Portland Press Herald

Bianca Beck

Portland Press Herald

By Jorge S. Arango

July 1, 2026

 

CMCA’s new exhibit explores identity with a focus on the human face | Column

‘Bianca Beck: Eyes’ is the Center for Maine Contemporary Art’s new solo exhibition.

I have always seen Bianca Beck’s sculptures as a kind of celebration. Their sheer bigness, their jubilant electric colors, the confidence of their postures — all of this felt like an in-your-face proclamation of the insouciance, subversiveness, possibility and utter joy of queer culture. Beck’s works have always loomed, posed and vogued their way into our psyches. 

All of that remains true in the Center for Maine Contemporary Art’s solo exhibition, “Bianca Beck: Eyes” (through Sept. 6). But there is also a new element in the mix, something I would describe as a thoroughly disarming tenderness. 
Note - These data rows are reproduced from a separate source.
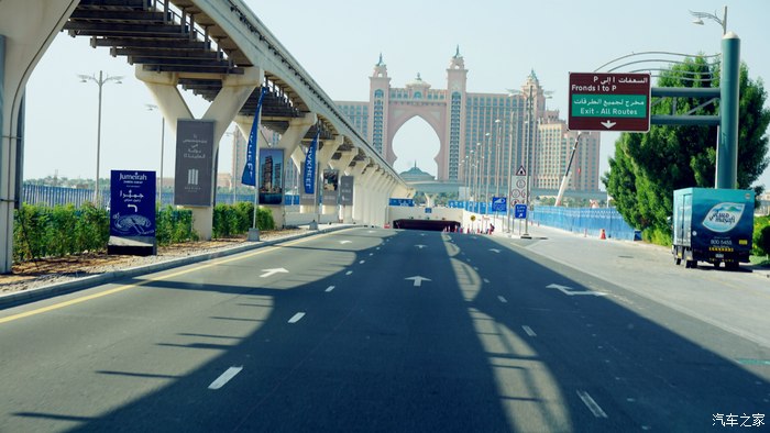 乘坐无人轻轨离开棕榈岛时拍的亚特兰蒂斯酒店全景。
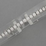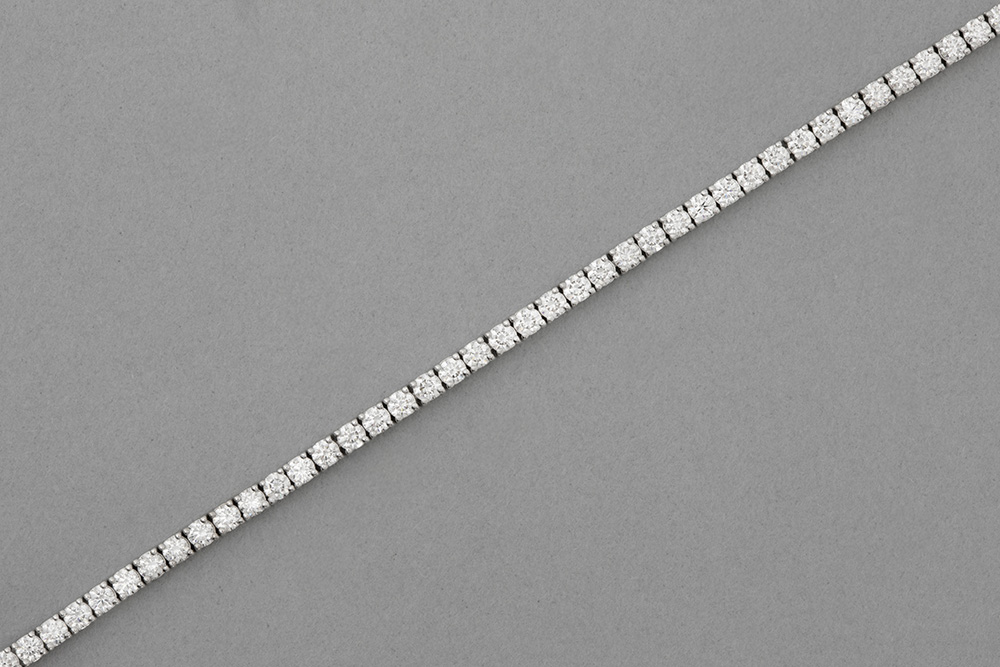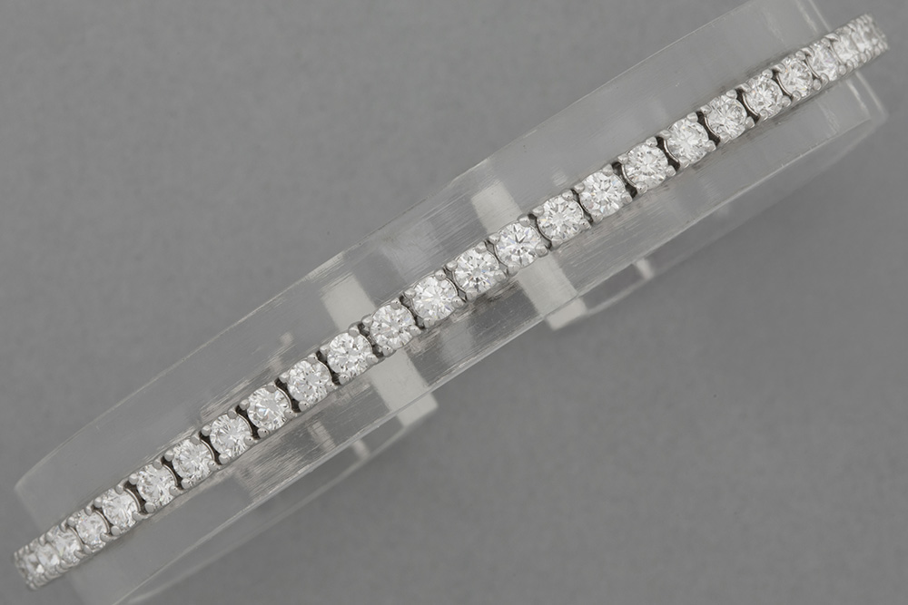 Fraai bracelet met zgn rivièremodel in witgoud (18 karaat) bezet met 3,80 karaat blauwwitte (D/E/F) kwaliteitsbriljant (Vvs/Vs) – gewicht : 8,6 gram
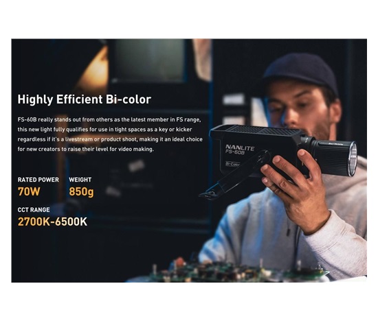 Model FS-60B je studiové světlo pro začátečníky, kteří chtějí něčeho dosáhnout jak ve fotografování, tak v natáčení videí – je to kompaktní dvoubarevné LED světlo, které za dané peníze nabízí vysokou hodnotu.
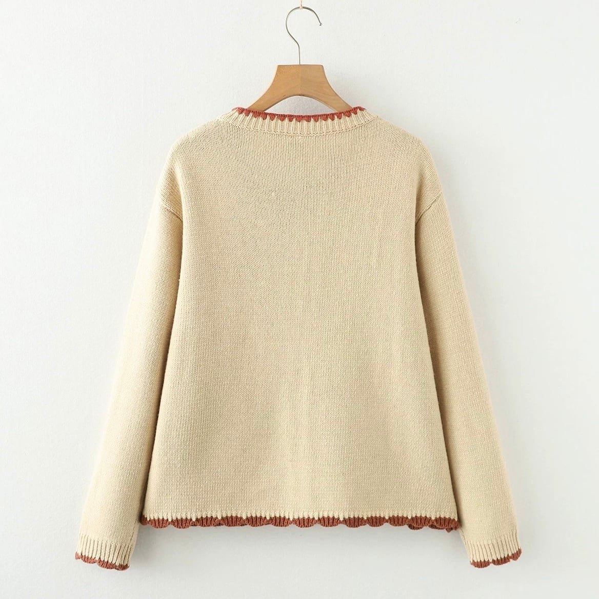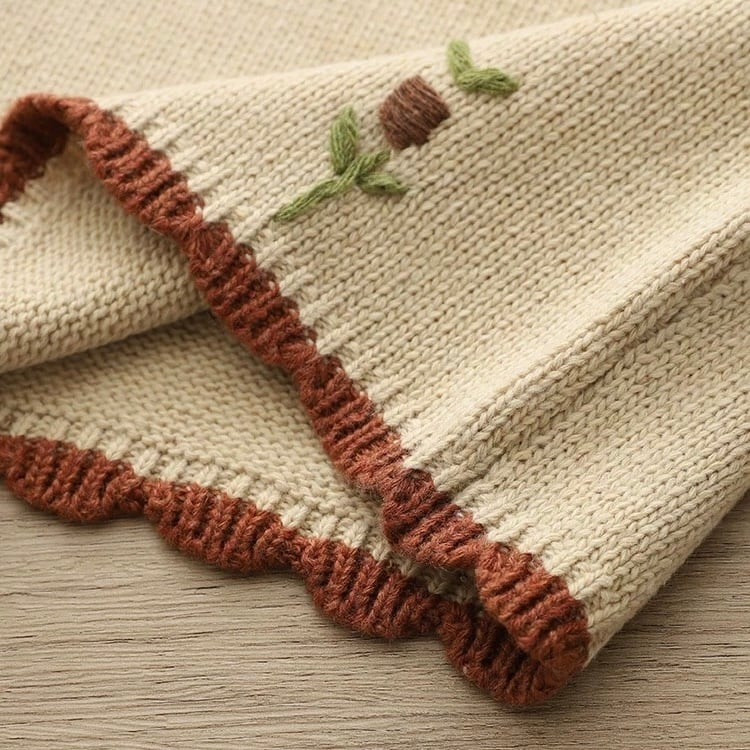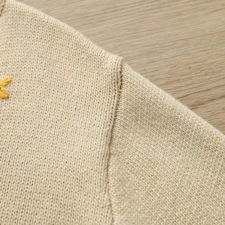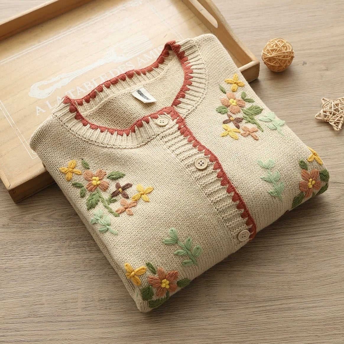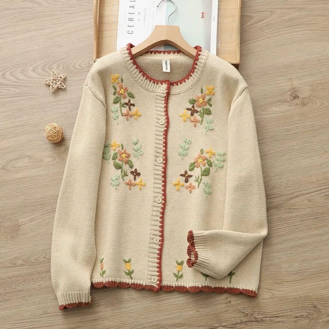 フロントと胸元に施した小花の刺繍が印象的なカーディガン。

The occasion for this turn toward this gentle, nurturing emotion is primarily due, I believe, to Beck’s experience of pregnancy and childbirth. There is nothing like this transformative experience to soften one’s edges. The fact that this occurred more or less simultaneously as the artist declared themselves nonbinary creates a fusion between old and new artistic concerns. In at least some respects, the older and more recent works are not actually fundamentally separate. The sculptures and paintings that predated this show were at some level about identity, while this exhibition is more focused on the physical formation of selfhood before circumstance, familial and social conditions impose identities upon that self. It is a continuum.